- _EXERCISE DETAILS_
Within the records below, find the line with "People take snapshots" and the line with "An opulent Pakistani", then reproduce exactly those two lines and all lines between them, without any picture.

- _SUPPLIED RECORDS_

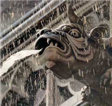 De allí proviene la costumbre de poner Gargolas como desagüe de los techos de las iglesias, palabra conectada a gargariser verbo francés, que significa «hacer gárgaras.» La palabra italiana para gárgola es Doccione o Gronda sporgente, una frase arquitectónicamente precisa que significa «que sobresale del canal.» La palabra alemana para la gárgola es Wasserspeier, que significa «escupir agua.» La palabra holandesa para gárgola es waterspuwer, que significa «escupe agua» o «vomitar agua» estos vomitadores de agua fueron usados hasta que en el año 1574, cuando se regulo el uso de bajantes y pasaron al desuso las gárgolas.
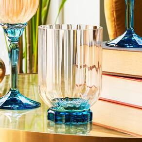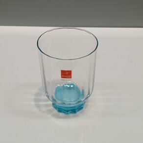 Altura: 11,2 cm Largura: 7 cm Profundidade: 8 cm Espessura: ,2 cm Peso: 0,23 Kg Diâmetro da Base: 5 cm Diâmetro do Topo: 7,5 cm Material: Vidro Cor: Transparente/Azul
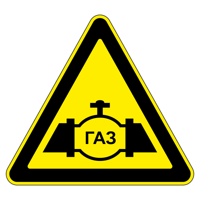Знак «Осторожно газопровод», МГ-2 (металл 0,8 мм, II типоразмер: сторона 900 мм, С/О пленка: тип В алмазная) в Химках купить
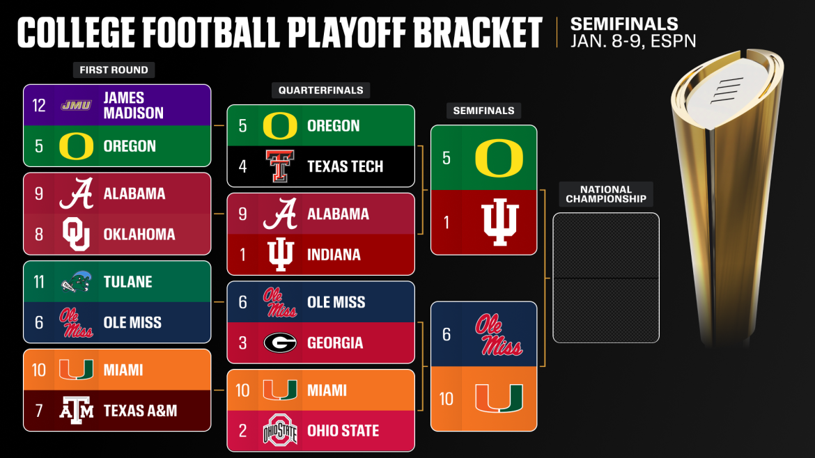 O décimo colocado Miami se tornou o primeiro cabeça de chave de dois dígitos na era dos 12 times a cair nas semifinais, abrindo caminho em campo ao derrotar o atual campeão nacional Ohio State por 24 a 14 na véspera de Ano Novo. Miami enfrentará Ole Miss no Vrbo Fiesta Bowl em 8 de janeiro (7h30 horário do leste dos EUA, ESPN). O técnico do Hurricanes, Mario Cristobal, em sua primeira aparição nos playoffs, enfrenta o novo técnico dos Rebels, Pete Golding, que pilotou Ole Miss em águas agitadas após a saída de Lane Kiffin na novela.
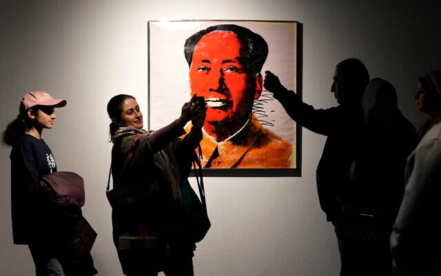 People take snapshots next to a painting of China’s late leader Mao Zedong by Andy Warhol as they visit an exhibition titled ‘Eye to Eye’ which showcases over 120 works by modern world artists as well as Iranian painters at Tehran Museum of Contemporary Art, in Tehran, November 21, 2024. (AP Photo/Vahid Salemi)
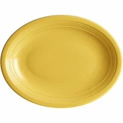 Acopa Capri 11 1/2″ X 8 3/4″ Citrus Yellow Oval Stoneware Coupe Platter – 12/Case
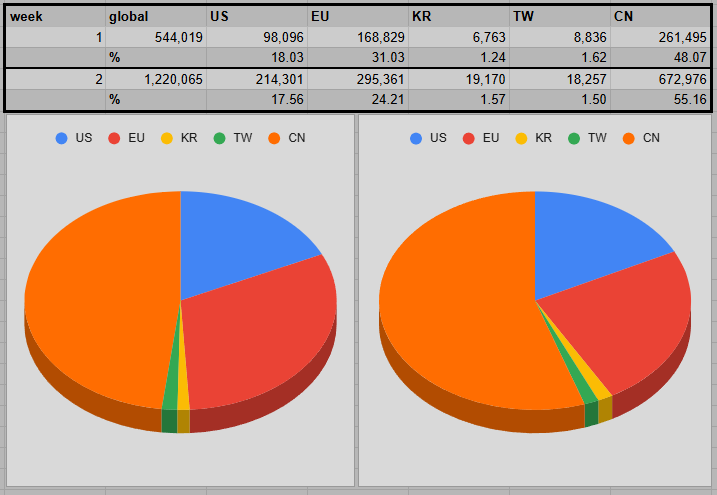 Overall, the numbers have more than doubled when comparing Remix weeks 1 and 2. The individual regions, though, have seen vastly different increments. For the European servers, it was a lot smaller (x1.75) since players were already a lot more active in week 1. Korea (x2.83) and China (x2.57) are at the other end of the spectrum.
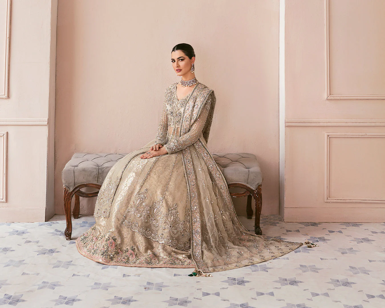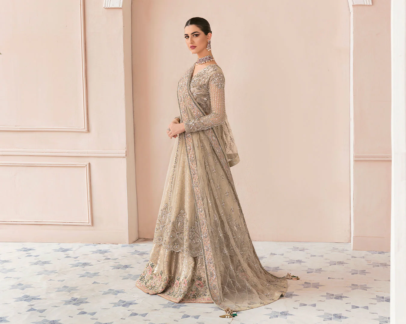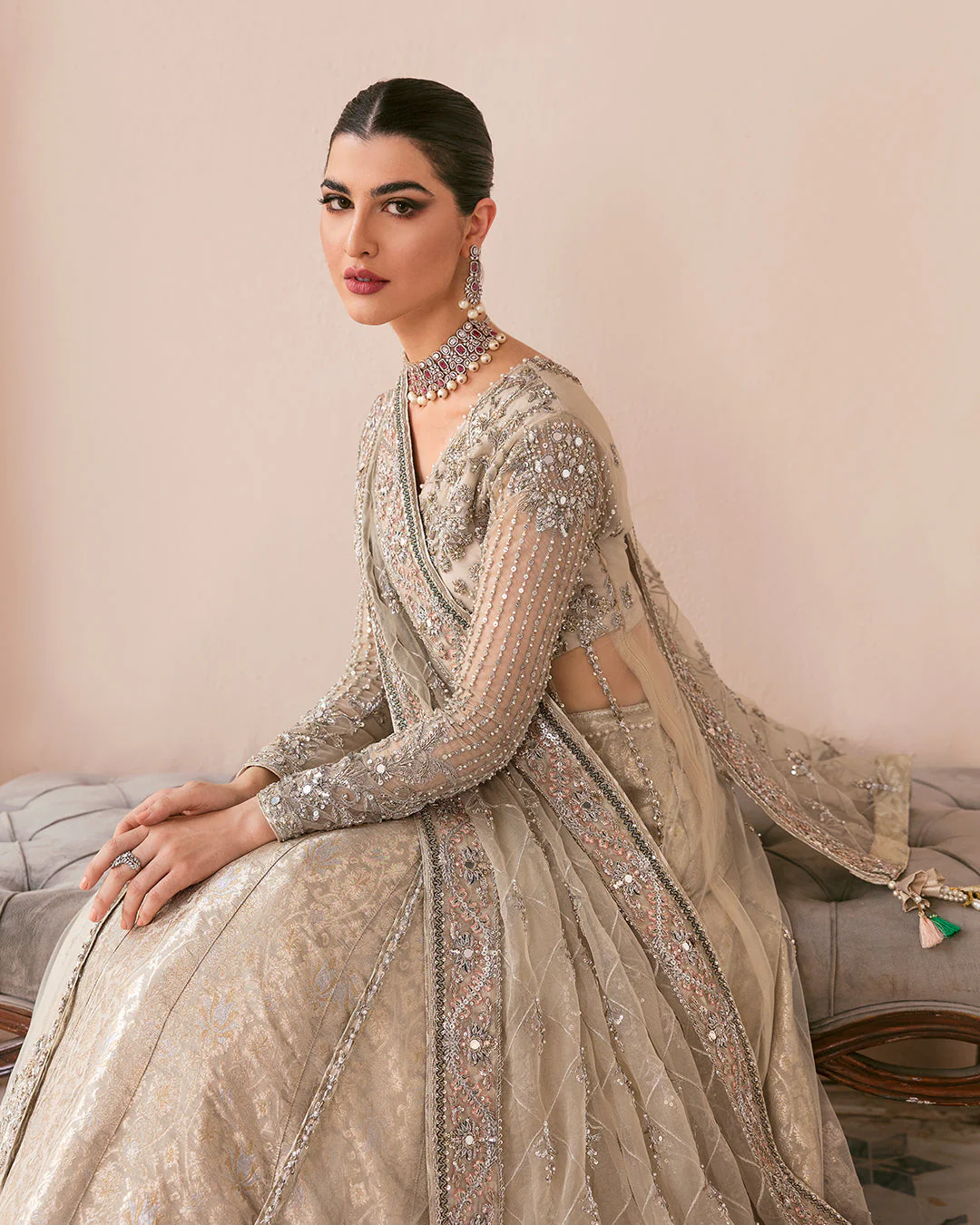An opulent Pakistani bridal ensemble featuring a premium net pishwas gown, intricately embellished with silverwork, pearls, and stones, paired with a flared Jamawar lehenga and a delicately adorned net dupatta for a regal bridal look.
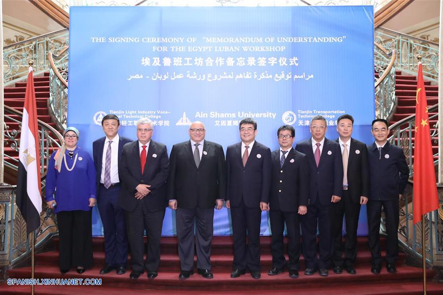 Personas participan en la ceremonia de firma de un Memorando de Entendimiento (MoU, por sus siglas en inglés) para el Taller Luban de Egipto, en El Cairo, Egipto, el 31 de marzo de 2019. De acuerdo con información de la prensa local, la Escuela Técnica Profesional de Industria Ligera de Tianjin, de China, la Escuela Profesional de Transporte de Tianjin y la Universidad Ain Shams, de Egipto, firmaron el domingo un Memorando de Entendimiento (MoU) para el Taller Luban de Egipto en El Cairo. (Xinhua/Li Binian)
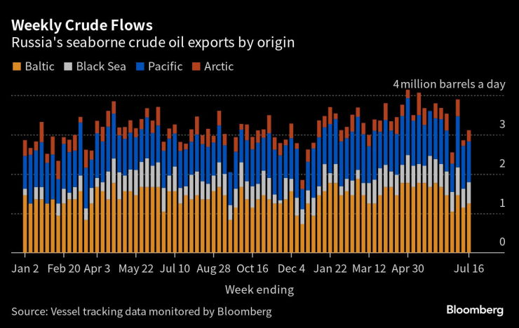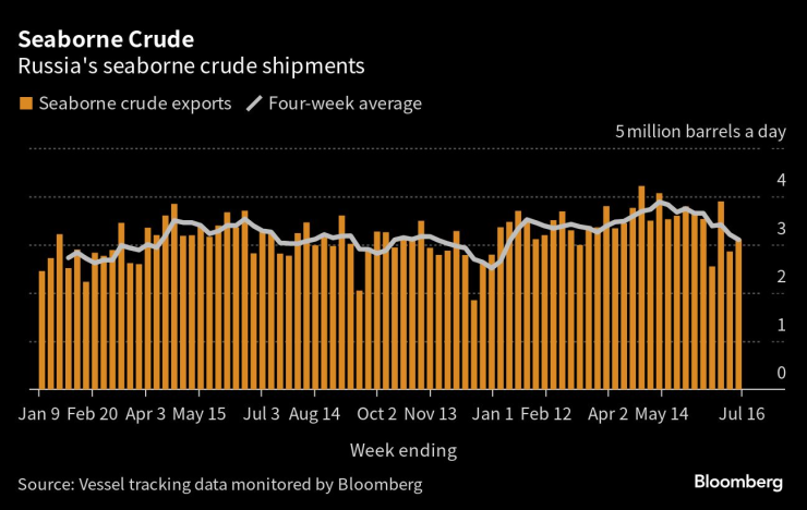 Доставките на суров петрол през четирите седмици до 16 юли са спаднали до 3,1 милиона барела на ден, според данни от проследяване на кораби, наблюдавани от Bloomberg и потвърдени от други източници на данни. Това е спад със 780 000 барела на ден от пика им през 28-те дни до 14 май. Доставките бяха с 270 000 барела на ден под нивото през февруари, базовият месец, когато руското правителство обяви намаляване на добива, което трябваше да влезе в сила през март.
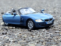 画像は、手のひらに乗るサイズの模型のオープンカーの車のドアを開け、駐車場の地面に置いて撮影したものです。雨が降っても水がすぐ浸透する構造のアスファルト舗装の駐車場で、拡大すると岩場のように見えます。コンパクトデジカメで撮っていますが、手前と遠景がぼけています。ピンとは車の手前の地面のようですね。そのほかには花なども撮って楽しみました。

- _SOLUTION_
 People take snapshots next to a painting of China’s late leader Mao Zedong by Andy Warhol as they visit an exhibition titled ‘Eye to Eye’ which showcases over 120 works by modern world artists as well as Iranian painters at Tehran Museum of Contemporary Art, in Tehran, November 21, 2024. (AP Photo/Vahid Salemi)
 Acopa Capri 11 1/2″ X 8 3/4″ Citrus Yellow Oval Stoneware Coupe Platter – 12/Case
 Overall, the numbers have more than doubled when comparing Remix weeks 1 and 2. The individual regions, though, have seen vastly different increments. For the European servers, it was a lot smaller (x1.75) since players were already a lot more active in week 1. Korea (x2.83) and China (x2.57) are at the other end of the spectrum.
An opulent Pakistani bridal ensemble featuring a premium net pishwas gown, intricately embellished with silverwork, pearls, and stones, paired with a flared Jamawar lehenga and a delicately adorned net dupatta for a regal bridal look.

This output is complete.